Investor Conference Call
Shareholders and other interested parties may participate in the upcoming investor conference call by dialing 877-317-6789 (international/local participants dial 412-317-6789) and asking to be connected to the “Charles & Colvard, Ltd. Conference Call” a few minutes before 4:30 p.m. EDT on Thursday, March 12, 2015. The call will also be broadcast live on the Internet at https://www.webcaster4.com/Webcast/Page/346/7414.
The conference call will be archived for review on the Internet at https://www.webcaster4.com/Webcast/Page/346/7414 and on the Company’s website at http://www.charlesandcolvard.com/investor-relations/events until Friday, March 27, 2015.
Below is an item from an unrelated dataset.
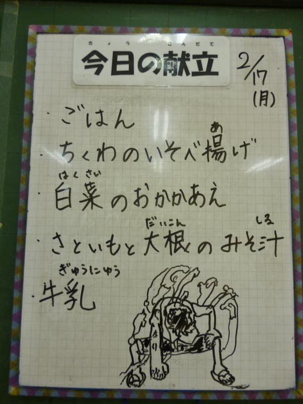 本日の献立は、図書給食でごはん・ぎょうざ・キャベツの中華サラダ・小松菜とコーンの中華スープ・牛乳でした。絵本「ぎょうざがういなくなりさがしています」に登場するぎょうざです。タイトルの通り「きょうざがいなくなりさがしています」という町の放送から始まります。いったいどんなお話が展開していくのでしょうか、ぎょうざはどこで何をしているのか、気になるところですね。今日もおいしくいただきました!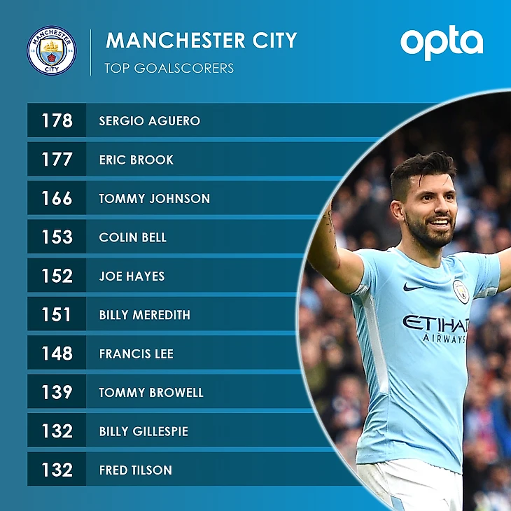Этот мяч стал 178-м для аргентинца в футболке «горожан». Агуэро обошел Эрики Брука (177) и стал лучшим бомбардиром в истории клуба.

About Charles & Colvard, Ltd.
Charles & Colvard, Ltd., based in the Research Triangle Park area of North Carolina, is the original and leading worldwide source of moissanite, a unique, near-colorless created gem that is distinct from other gems and jewels based on its exceptional fire, brilliance, durability, and rarity. Charles & Colvard’s Classic Moissanite™ and Forever Brilliant® are currently incorporated into fine jewelry sold through domestic and international retailers and other sales channels. Charles & Colvard, Ltd.’s common stock is listed on the NASDAQ Global Select Market under the symbol “CTHR.” For more information, please visit www.charlesandcolvard.com.
Forward-Looking Statement
This press release contains forward-looking statements within the meaning of Section 27A of the Securities Act of 1933, as amended, and Section 21E of the Securities Exchange Act of 1934, as amended. Statements expressing expectations regarding our future and projections relating to products, sales, revenues, and earnings are typical of such statements and are made under the Private Securities Litigation Reform Act of 1995. These forward-looking statements include, but are not limited to, statements about our plans, objectives, outlook for the current quarter, representations, and contentions and are not historical facts and typically are identified by use of terms such as “may,” “will,” “should,” “could,” “expect,” “plan,” “anticipate,” “believe,” “estimate,” “predict,” “continue,” and similar words, although some forward-looking statements are expressed differently.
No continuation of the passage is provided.